— Ты что, накоротке с его царским величеством? —
простонал Хорхе.
— Как это?
— Ну, запросто просить подмоги решил, будто он твой
должник!
Почудилось или в голосе Хорхе звякнула смешинка? Ах ты,
леший, он и впрямь насмехается! Ну, коли у тебя есть силы смеяться, так небось
хватит сил и ноги самостоятельно передвигать!
Данька в сердцах вывернулся из-под тяжело навалившегося на
него раненого, но это вышло себе дороже:
Хорхе не удержался на ногах и упал, так что пришлось
помогать ему подняться и чуть ли не заново учить делать слабые шажки. Пока
раненый кое-как разошелся, Данька уже чувствовал себя не сильнее пришлепнутого
комара.
«Дойдем ли до реки, пока не хватились? — мучила
мысль. — Надо бы скорей ногами шевелить, да где там!»
Но вот впереди, под бережком, заблестело холодным
серо-розовым шелком. Ох, красота, чудо из чудес — река на рассвете, особенно
когда ни ветерка, когда заросли береговые спокойно отражаются в неколебимой
зеркальной глади, не искаженной ни морщинкой, ни рябинкой. Немыслимо смотреть
на эту сладостную дремоту! Проплывет медленно-медленно розовое облако, и не
сразу сообразишь, то ли видишь отражение небесного странника, то ли зришь некое
подводное движение.
И вдруг вспенилась гладь, помутилось все, благостная тишь
рассветная нарушилась лаем пса, бегущего кромкою берега, расшвыривая брызги.

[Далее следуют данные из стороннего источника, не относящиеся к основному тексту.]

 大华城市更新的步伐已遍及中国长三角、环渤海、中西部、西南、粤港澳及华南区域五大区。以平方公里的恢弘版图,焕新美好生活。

— Волчок! — радостно закричал Данька, у которого
все это время сжималось сердце от неизвестности судьбы Волчка, от страха за
него. Этот пес — все, что у него, теперь осталось. Ведь он Волчка помнит еще
крошечным щеночком. Охотничья любимая сучка отцовская, Найда, принесла его от
лесного волка. Заблудилась однажды в болотине, вернулась аж спустя месяц, отец
ее и не чаял больше увидеть. Нет, вернулась, а вскоре смотрят — сучка-то
брюхатая. Трех щенят принесла, двое родились мертвыми. А Волчок был очень даже
живой. Однако и ему грозила смерть неминучая: Найда померла, бедолага, давая
ему жизнь. И если бы не Данька... Волчка пришлось выкармливать козьим молочком,
выпаивать, нянчить, словно малое несмышленое дитятко. Зато взамен Данька
получил такого друга, такого преданного друга и защитника... Разве только отца
Волчок любил больше. Нет, не любил, не то слово, любил он как раз Даньку. А
отца почитал по врожденному звериному умению безошибочно распознавать вожака
стаи и безоговорочно ему подчиняться.
Пес прыгал вокруг, рискуя свалить двух ослабевших людей.

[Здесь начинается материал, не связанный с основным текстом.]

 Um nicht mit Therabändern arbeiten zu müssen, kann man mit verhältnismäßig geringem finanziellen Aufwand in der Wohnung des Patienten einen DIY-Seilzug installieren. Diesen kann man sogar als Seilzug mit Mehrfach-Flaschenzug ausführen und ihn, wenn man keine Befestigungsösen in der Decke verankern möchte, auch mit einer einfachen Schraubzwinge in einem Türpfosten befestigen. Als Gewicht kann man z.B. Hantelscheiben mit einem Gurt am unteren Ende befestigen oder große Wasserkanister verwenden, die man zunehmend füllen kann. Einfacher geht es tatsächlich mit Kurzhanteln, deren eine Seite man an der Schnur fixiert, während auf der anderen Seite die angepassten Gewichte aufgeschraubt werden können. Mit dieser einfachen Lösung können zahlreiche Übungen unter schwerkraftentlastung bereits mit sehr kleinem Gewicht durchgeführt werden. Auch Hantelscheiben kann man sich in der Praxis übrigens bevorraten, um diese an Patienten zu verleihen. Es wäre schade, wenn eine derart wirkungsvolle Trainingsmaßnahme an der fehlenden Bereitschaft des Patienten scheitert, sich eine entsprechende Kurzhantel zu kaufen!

— Волчок, Волчара! — растроганно бормотал Данька,
не уворачиваясь от его упоенного лизанья. Хорхе тоже перепало собачьих ласк, и
он тоже не отворачивался. — Куда ж ты чертову девку девал? Загрыз? Неужто
загрыз?
Волчок не отвечал, только лаял да снова начинал лизаться.

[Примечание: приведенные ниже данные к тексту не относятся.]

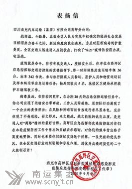 鄧迪還自費(fèi)為社區(qū)各值守點(diǎn)位捐贈(zèng)飲用礦泉水十余件,極大的彰顯了南運(yùn)集團(tuán)共產(chǎn)黨員在關(guān)鍵時(shí)刻、危難時(shí)刻奉獻(xiàn)社會(huì)的先鋒模范作用,社區(qū)大媽們翹起大拇指說:“你們南運(yùn)人真棒!”8月27日,順慶區(qū)西山街道辦事處伍家埡社區(qū)居民委員會(huì)還給南運(yùn)集團(tuán)旅游分公司寄來了情真意切的《感謝信》。

«Хорошо бы и впрямь загрыз», — с надеждой подумал
Данька.
— Вижу лодку! — прохрипел над ухом Хорхе. —
Вон там!
Данька тоже увидел челночок. Ох, грех, конечно, небось
обездолят они кого-то кражею! Но ведь им надо жизнь спасать... А все равно
грех!
Данька не без совестливости покосился на Хорхе — все ж
монах, у них с этим делом, с грехами-то, суд короткий. Но черноокий иноземец
смотрел на лодку с истинным вожделением. «А что ж, не зря говорят: не согрешишь
— не покаешься! Деваться-то некуда! Небось он сейчас все свои монашьи привычки
в карман запрятал. Ну и ладно».
Данька помог Хорхе присесть на бережок и пошел сталкивать
лодку в воду. Обернулся, услышав лай Волчка, с захолодевшей спиной: а вдруг
откуда ни возьмись «русалка» объявилась?!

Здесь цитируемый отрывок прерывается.